→ **Task description**:
The answer must be an exact transcription of the lines below from the first through the one containing "Pure kanchipuram silk", with the pictures left out; please add nothing else.

(Beginning of Available records)

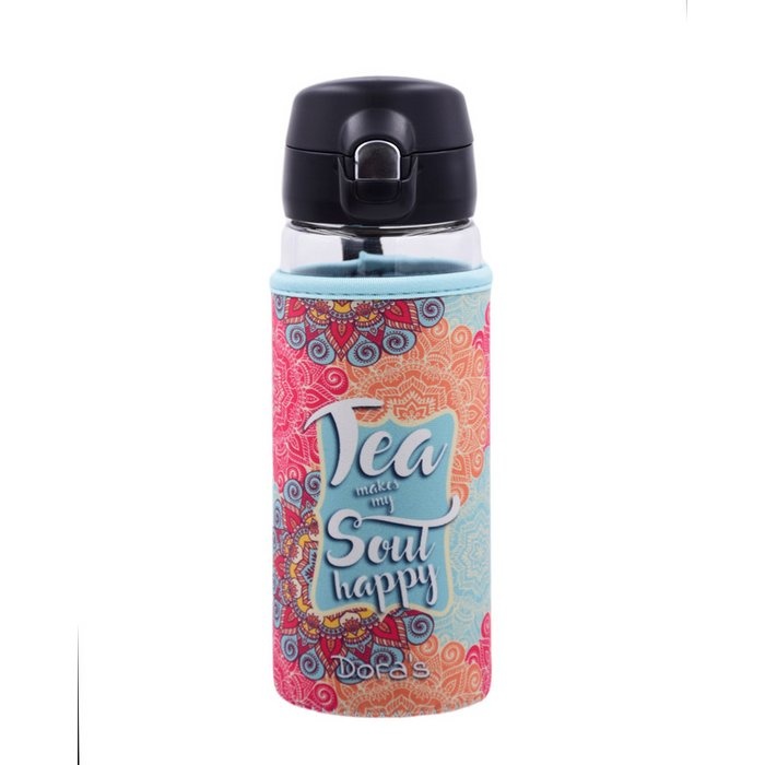 Een glazen drinkbeker van 450 ml met neopreen hoes om de inhoud heerlijk warm te houden. Met uitneembare theezeef en goed afsluitbare drinktuit.
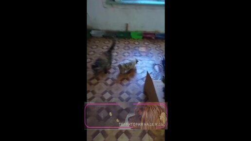 Котики и щеняточки, которых подкинули вчера, три девочки щенятки Вера, Надежда, Любовь.
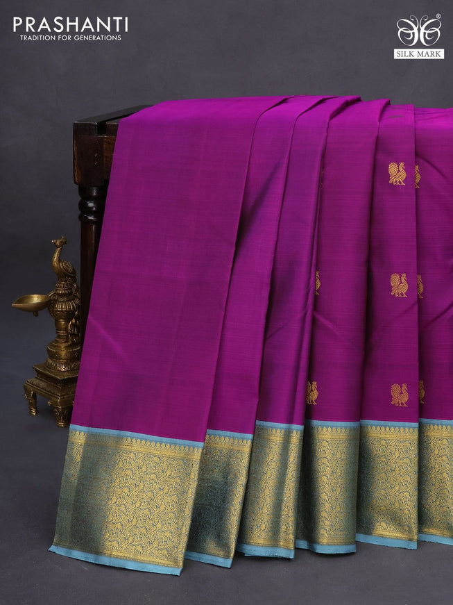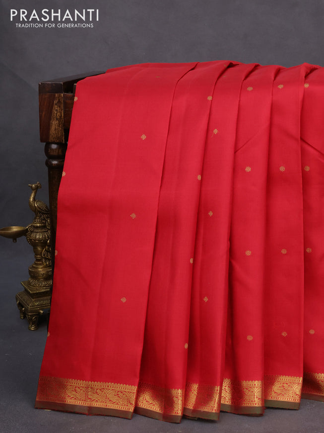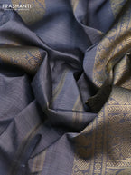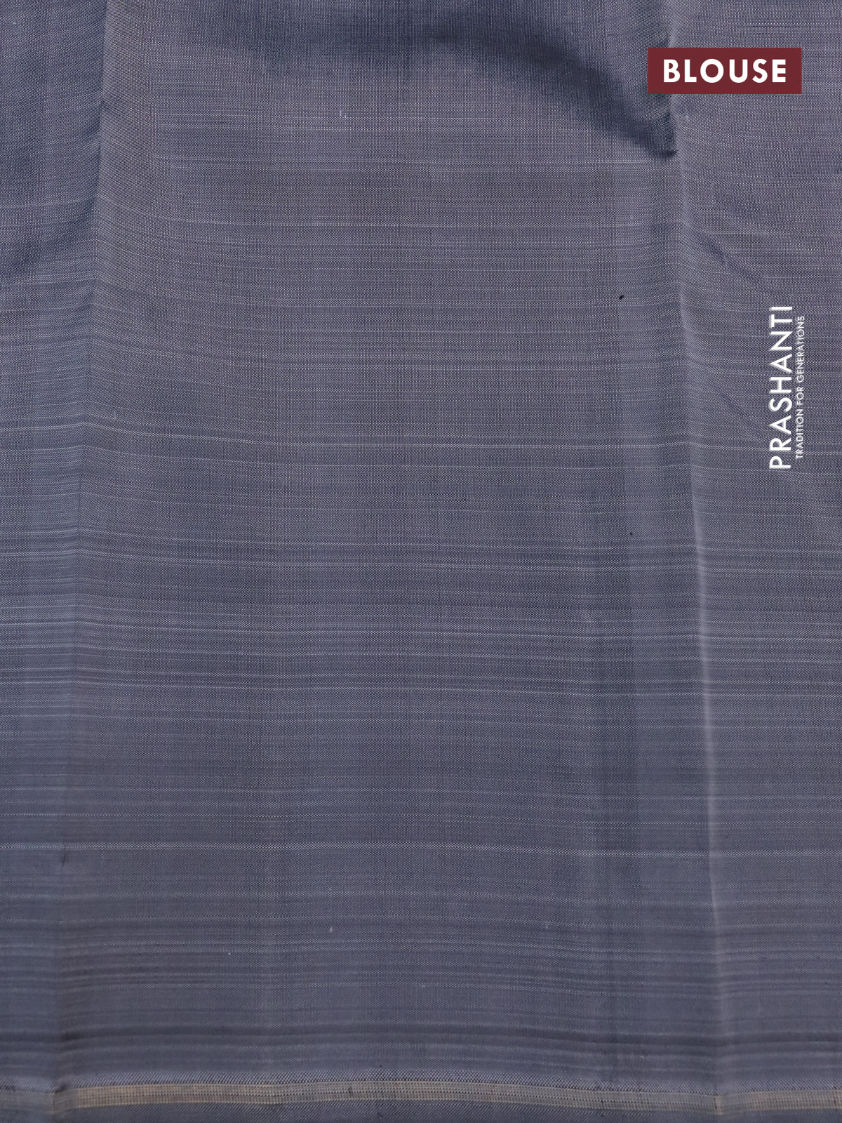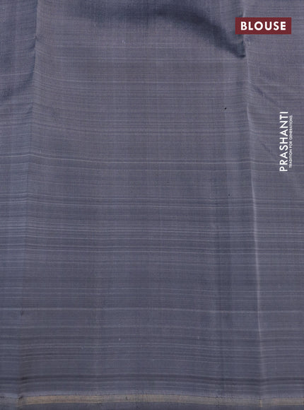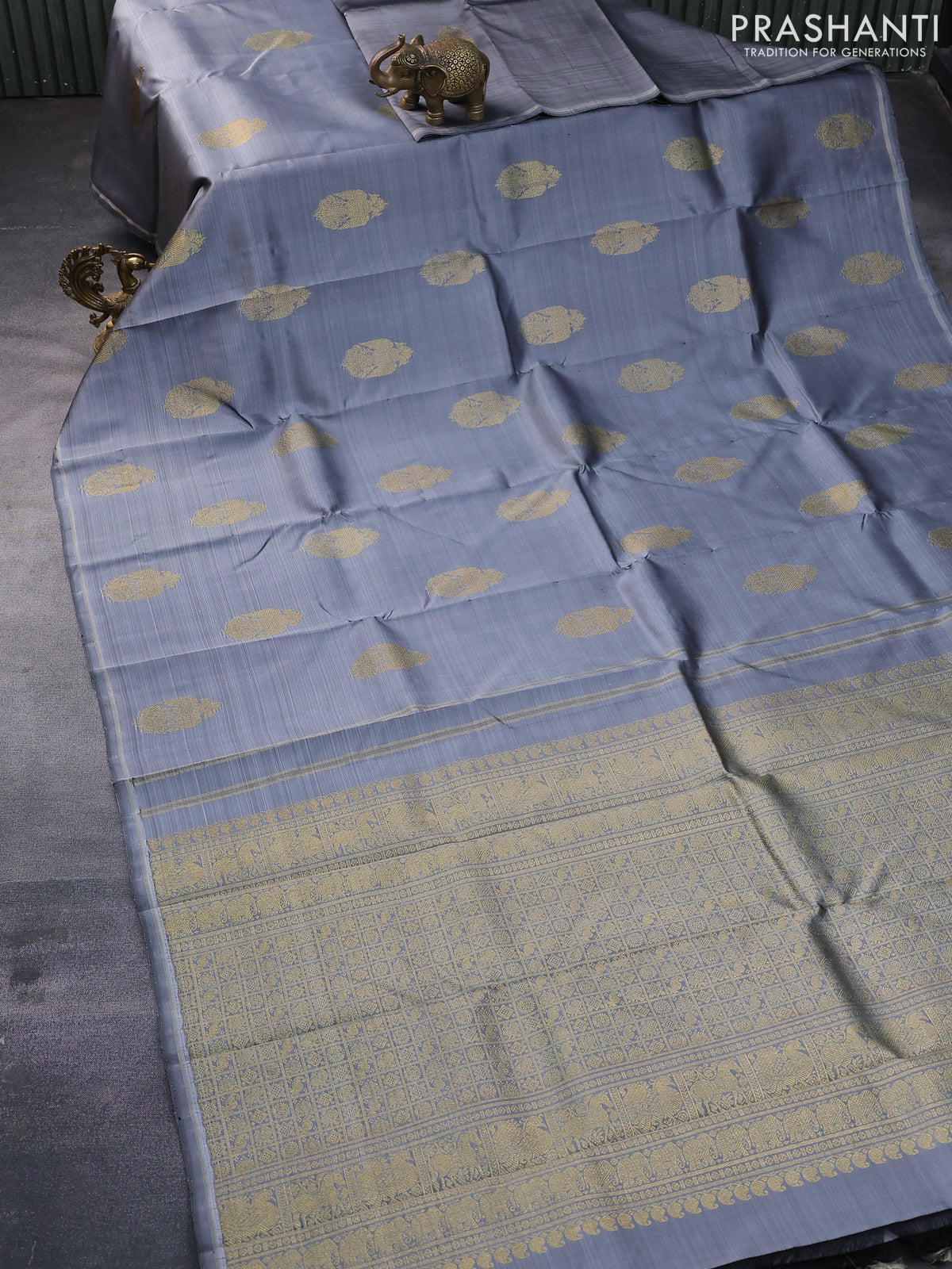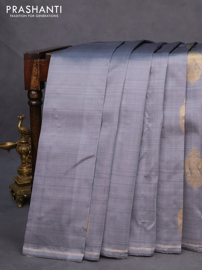 Pure kanchipuram silk saree grey with zari woven buttas in borderless style
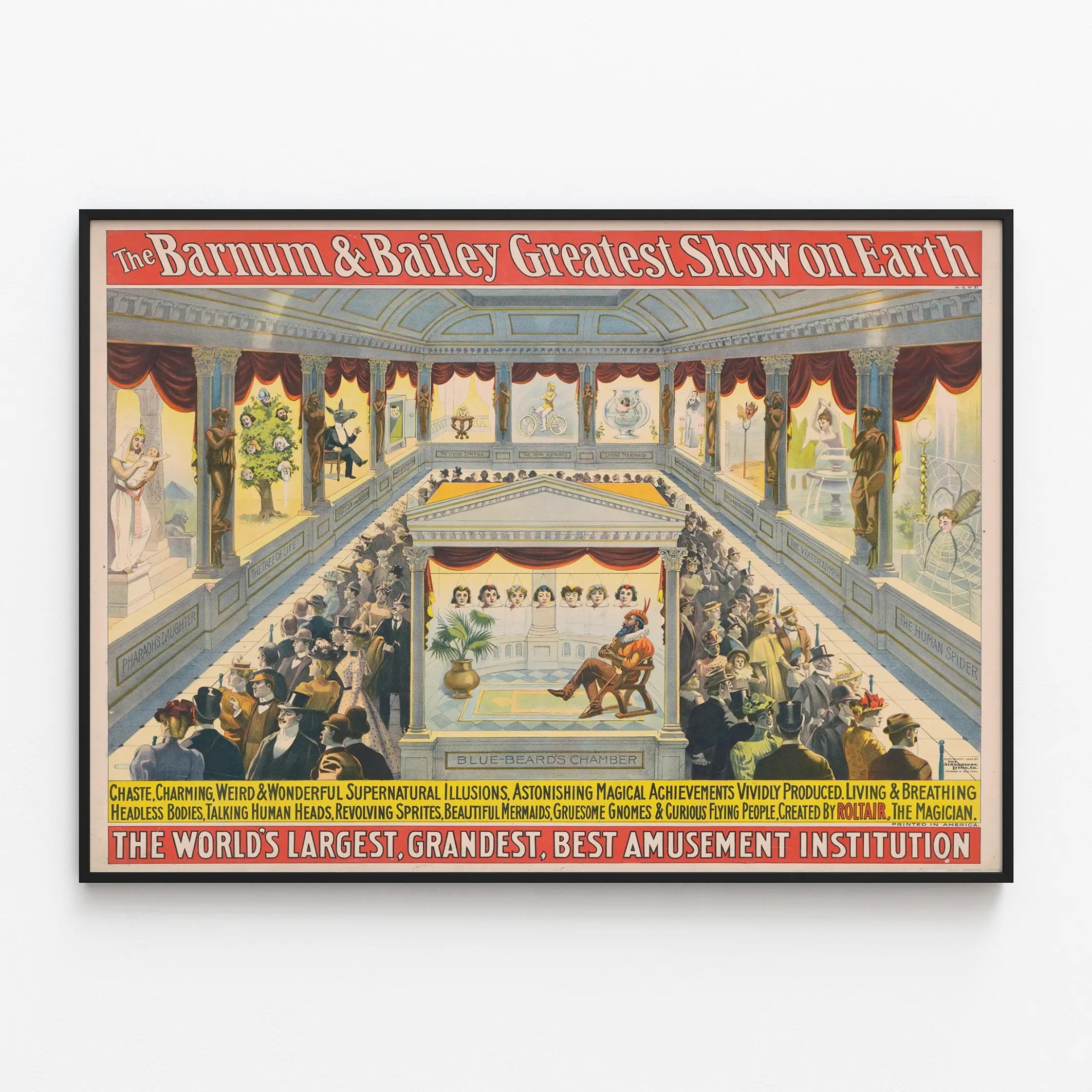 Découvrez cette affiche vintage unique, véritable œuvre de décoration murale inspirée du monde fascinant des illusions surnaturelles et des spectacles magiques. Représentant une scène de l'illustre Barnum & Bailey, célèbre pour être le plus grand et le meilleur spectacle d'amusement au monde, cette affiche met en avant les créations magiques de Roltair, magicien et maître des illusions. Ce poster est une belle pièce murale qui saisit l'attention grâce à son style ancien et ses couleurs douces, idéales pour une décoration murale vintage et originale. L'image met en scène une salle de spectacle décorée de moulures classiques et de colonnes ornées, entourée d'un public captivé. On y retrouve plusieurs vitrines où sont exposées différentes illusions et figures fantastiques, telles que la "Pharaoh's Daughter", "The Tree of Life", "The Living Sphinx", "The New Astarte", "Living Mermaid", "The Water Nymph" et "The Human Spider". Ces éléments sont parfaits pour sublimer un espace avec une touche d’émerveillement et un souci du détail raffiné. En son centre, "Blue-Beard's Chamber" occupe une place dominante, avec sa scène où un personnage trône sous un décor de têtes humaines et de plantes en pot, offrant un effet visuel attrayant pour une décoration murale thématique autour de l'histoire et de la magie. Le texte au bas de l'affiche souligne les talents de Roltair dans la création d'illusions captivantes : corps sans tête, têtes humaines parlantes, sprites tournoyantes, sirènes enchanteresses, gnomes inquiétants et personnages volants mystérieux. Ces thématiques ajoutent une atmosphère spectaculaire et intrigante, parfaite pour les amateurs d'art mural original et les passionnés de spectacles fantastiques. Ce poster décoratif est idéal pour apporter une touche d'histoire et de mystère à un intérieur, que ce soit dans un salon, une bibliothèque ou un espace créatif. Sa composition soignée, sa richesse narrative et ses couleurs harmonieuses en font un choix parfait pour enrichir votre décoration murale avec une œuvre authentique à fort impact visuel et esthétique.
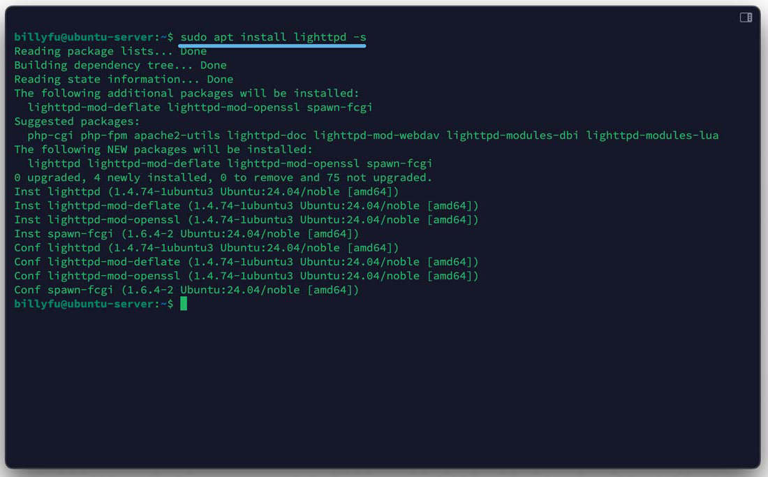 在正式安装软件包之前,你可以使用-s参数来模拟安装过程,这相当于进行一次安装过程预演apt会展示所有要执行的操作,但不会实际安装软件包。例如,模拟安装 lighttpd 软件包:

(End of Available records)

→ **Finished exercise**:
 Een glazen drinkbeker van 450 ml met neopreen hoes om de inhoud heerlijk warm te houden. Met uitneembare theezeef en goed afsluitbare drinktuit.
 Котики и щеняточки, которых подкинули вчера, три девочки щенятки Вера, Надежда, Любовь.
 Pure kanchipuram silk saree grey with zari woven buttas in borderless style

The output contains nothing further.